I know now that many people feel confused, uncomfortable, or even intimidated in art museums— for a whole host of reasons, many having nothing to do with the art at all. This past summer, I spent a few weeks in southern France, working in a vineyard near Bordeaux. My trip culminated in a train ride to Paris, where I arrived near the beginning of July. In Paris, on the first Sunday of every summer month, museums open their doors free of charge to the public. Perfect timing.
The only things I like more than free things are things that are free for a limited time only. Thus, I charted an overly ambitious expedition that had my friends and me waking up early in the morning to begin an epic museum crawl: we hit the Louvre, the Pompidou, the Petit Palais . . . but then, exhausted, substituted afternoon crepes for the Rodin Museum.

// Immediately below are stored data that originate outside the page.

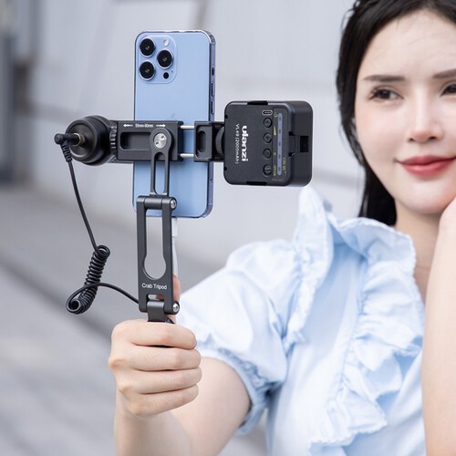 El trípode multifuncional Ulanzi HP004 Crab es un accesorio versátil diseñado para smartphones con un ancho de entre 2,36 y 3,74 pulgadas. Gracias a su diseño plegable y portátil, es ideal para vlogs, retransmisiones en directo, videollamadas y fotografía móvil durante los viajes. La doble función del trípode permite utilizarlo como soporte de mesa estable cuando las patas están extendidas, o como soporte de mano cuando están plegadas.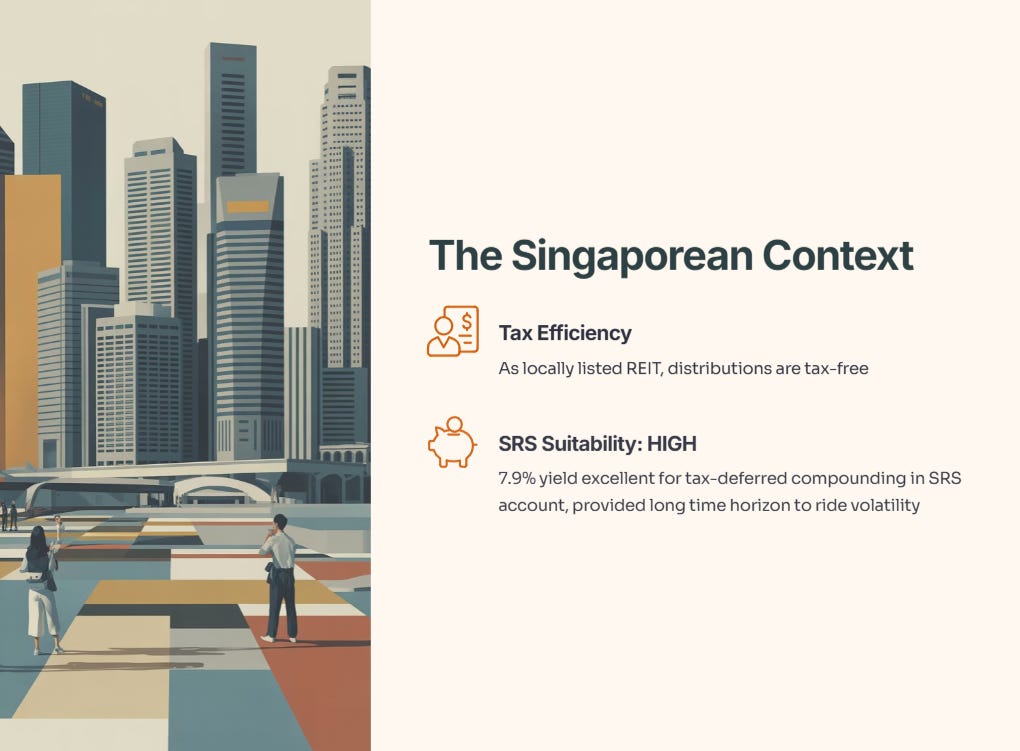 SRS Suitability: High. The 7.9% yield is excellent for tax-deferred compounding in an SRS account, provided you have a long time horizon to ride out volatility.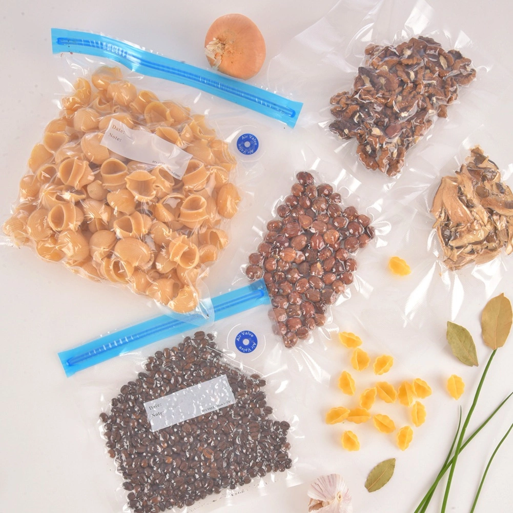 Očuvajte svoje namirnice dulje svježima i savršeno organiziranima. Višekratne vakuumske vrećice 26 × 28 cm s dvostrukim patentnim zatvaračem i ventilom za izvlačenje zraka štite od zraka, vlage i mirisa. Pogodne su za hladnjak i zamrzivač, a zahvaljujući izdržljivoj najlonskoj foliji bez BPA podnose temperature od −20 °C do +110 °C.

My friends—a history major, a pre-med student, and a chemical engineer—gamely moved from salon to salon, occasionally asking questions and often saying things like “I don’t get it” or “Tell me the answer.” Still, I was struck by the tremendous variety of their responses to the works, and how, when I offered some piece of context or my own interpretive spin, they became so much more interested, asking me additional questions and beginning to formulate their own interpretations. Once they realized that there was no right answer, they had fun with the experience.
It’s that sense of possibility— not my academic track—that compels my continued visits. I can’t remember ever actually being unhappy after having visited a museum. (Actually, I take that back—try spending five hours in the Tate Modern during the heat of the summer while your mother implores your fried, eight-year-old brain to consider the fragmented composition of a Man Ray photogram.) But I don’t think that it was my early, borderline oppressive, exposure to the arts that has allowed me to walk into the Princeton University Art Museum and actually enjoy being there—it’s the realization that I don’t have to be there; I’m there for me and for my own enjoyment.
I’m not saying you have to know something about art to appreciate it. In fact, I believe the opposite: you can know nothing about art and still benefit from it. Like everything else in this world, museums require effort. You have to think; everything isn’t just handed to you. But the brilliant thing is that while it might seem as if those greater authorities I mentioned earlier are judging you based on how you evaluate art—they aren’t. They don’t exist. (Or if they do and they’re your mom, you don’t have to listen to them.) Go into Princeton’s Art Museum and don’t worry about the wall labels. Leave when you want to, and don’t worry about getting the right answer. Go for yourself, and when you’re there, do whatever it takes for you to have a good time. Just try not to hurt the paintings.